- [WHAT YOU WILL DO]
In the records below, find the line with "Со моментално дејство, сите", then copy each line exactly until you have copied the line with "限額以上固定資產(chǎn)". Leave any picture out.

- [RECORDED DATA]

Start of Block

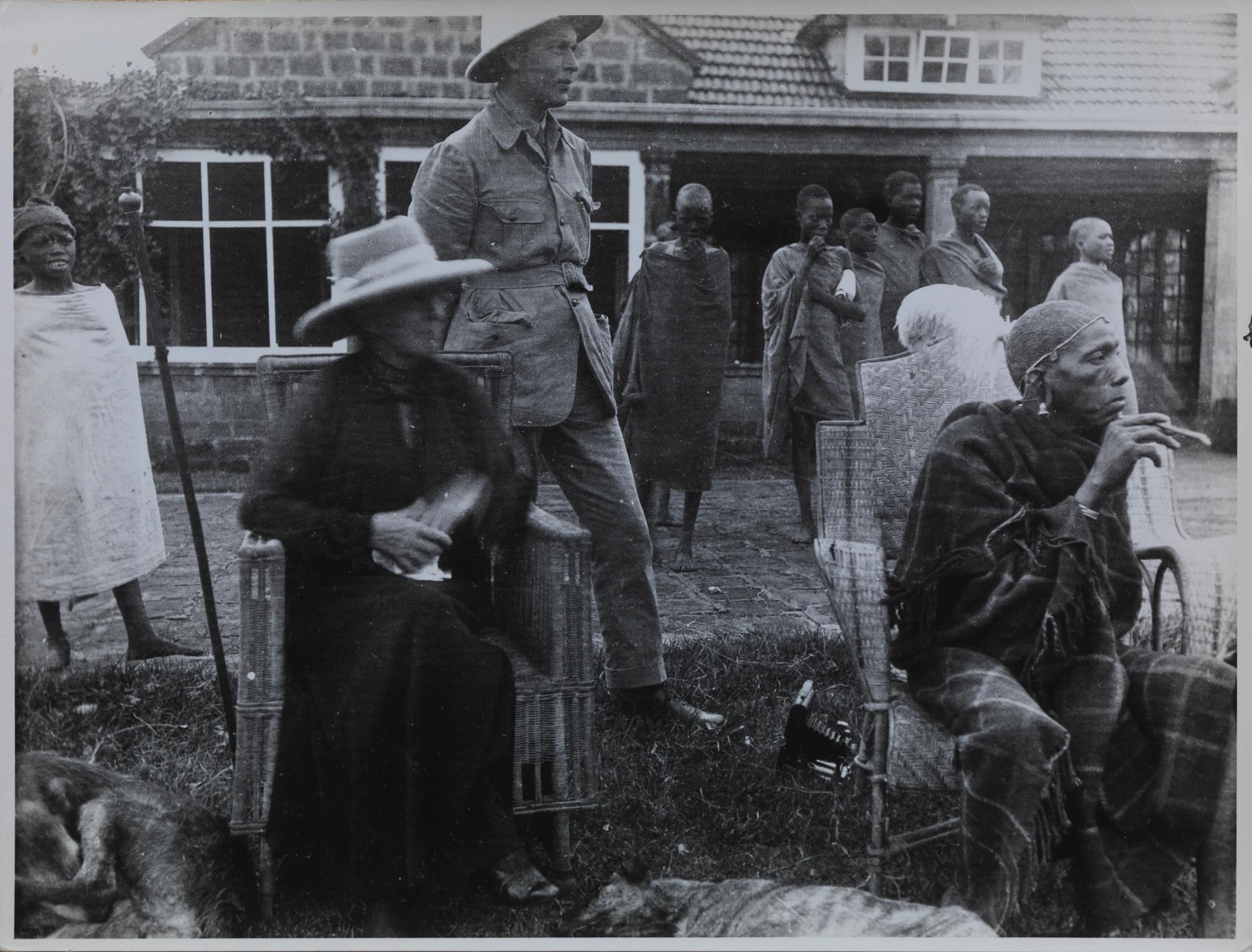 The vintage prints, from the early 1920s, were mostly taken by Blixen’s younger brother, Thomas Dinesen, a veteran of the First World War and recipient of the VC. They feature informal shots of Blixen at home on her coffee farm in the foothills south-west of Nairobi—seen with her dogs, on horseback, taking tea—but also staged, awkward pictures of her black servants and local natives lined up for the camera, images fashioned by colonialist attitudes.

End of Block
Start of Block

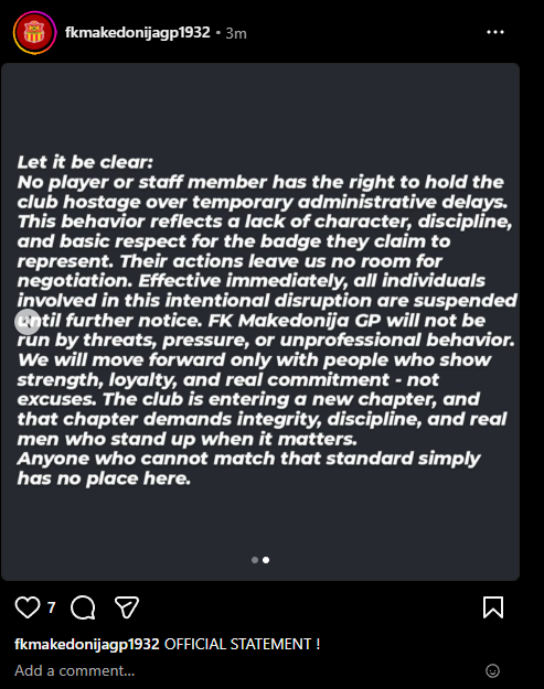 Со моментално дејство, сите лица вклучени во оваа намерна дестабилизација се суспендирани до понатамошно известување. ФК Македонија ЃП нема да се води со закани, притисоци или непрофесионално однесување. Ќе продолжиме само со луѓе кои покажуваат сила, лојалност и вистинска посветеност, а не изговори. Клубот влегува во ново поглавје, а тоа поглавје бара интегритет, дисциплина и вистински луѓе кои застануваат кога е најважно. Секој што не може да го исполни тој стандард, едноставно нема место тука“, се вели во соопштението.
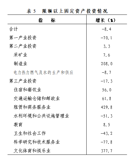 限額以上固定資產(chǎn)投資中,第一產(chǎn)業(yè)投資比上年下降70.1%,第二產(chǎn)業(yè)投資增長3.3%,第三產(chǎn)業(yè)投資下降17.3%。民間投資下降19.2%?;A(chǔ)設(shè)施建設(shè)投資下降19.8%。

End of Block
Start of Block

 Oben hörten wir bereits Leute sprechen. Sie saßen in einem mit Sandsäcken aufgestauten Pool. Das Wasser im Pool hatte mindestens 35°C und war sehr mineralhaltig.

End of Block

- [ANSWER AREA]
 Со моментално дејство, сите лица вклучени во оваа намерна дестабилизација се суспендирани до понатамошно известување. ФК Македонија ЃП нема да се води со закани, притисоци или непрофесионално однесување. Ќе продолжиме само со луѓе кои покажуваат сила, лојалност и вистинска посветеност, а не изговори. Клубот влегува во ново поглавје, а тоа поглавје бара интегритет, дисциплина и вистински луѓе кои застануваат кога е најважно. Секој што не може да го исполни тој стандард, едноставно нема место тука“, се вели во соопштението.
 限額以上固定資產(chǎn)投資中,第一產(chǎn)業(yè)投資比上年下降70.1%,第二產(chǎn)業(yè)投資增長3.3%,第三產(chǎn)業(yè)投資下降17.3%。民間投資下降19.2%?;A(chǔ)設(shè)施建設(shè)投資下降19.8%。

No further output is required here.